I think there is a lot to take away from this story. How to approach leading transparently in all kinds of difficult situations while preserving morale by being inclusive. People are just more invested and happy when they are part of creating the solution. They will have ideas and insights that you won’t, especially as you get further away from them in the org hierarchy. The case is made that it’s also just good business. I completely agree.

Episode #510: Closing the strategy-execution gap

https://hbr.org/ideacast/2016/02/closing-the-strategy-execution-gap.html

Strategy and execution are inextricably linked. You can’t talk about strategy without talking about execution. The author and guest on this episode wrote a book based on studying many successful companies and how the link was critical to their success. One particularly interesting point of discussion is how to embrace what is already in place in your culture and use it to push your strategy forward, and vice versa – linking your culture to your strategy and the choices you need to make.

Episode #315: pressed for time? Give some of yours away

https://hbr.org/ideacast/2012/08/pressed-for-time-give-some-of.html

One thing I love about HBR is that most of the recommendations come from actual studies. In this episode, a researcher talks about how giving time to someone else by helping them can actually make you feel more productive and feel as if you have more time.

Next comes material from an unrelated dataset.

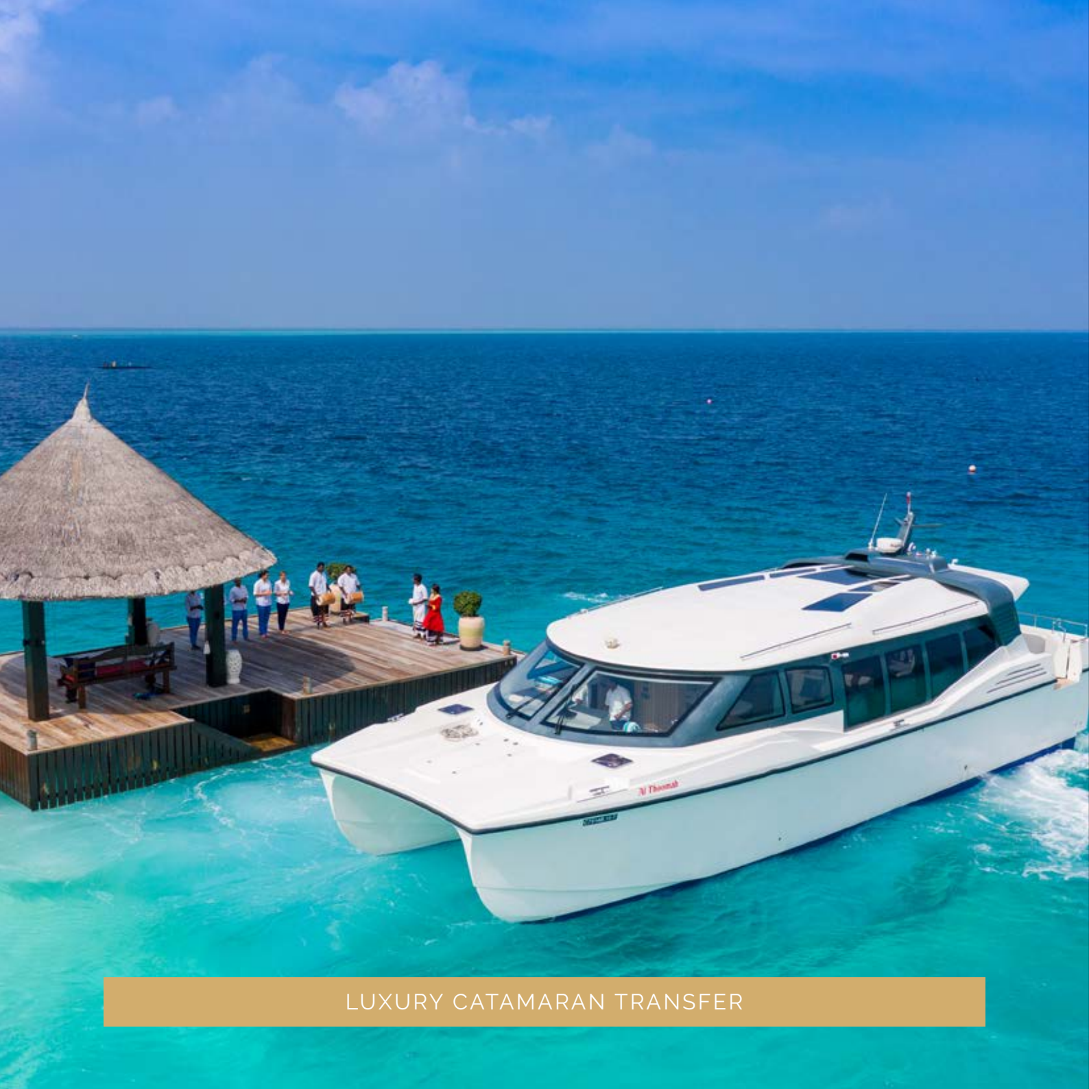
LUXURY CATAMARAN TRANSFER

You can even turn this around and give yourself more time to do other productive tasks that energize you. This helps you do more in less time, reduce the chance of burnout, and allows you to feel productive even if you aren’t making headway on one specific thing.

Conclusion

The HBR IdeaCast is an excellent podcast. You don’t need to pay for an expensive HBR subscription to get the great management wisdom of hundreds of management thought leaders! Plus its super convenient on the go. Give it a listen.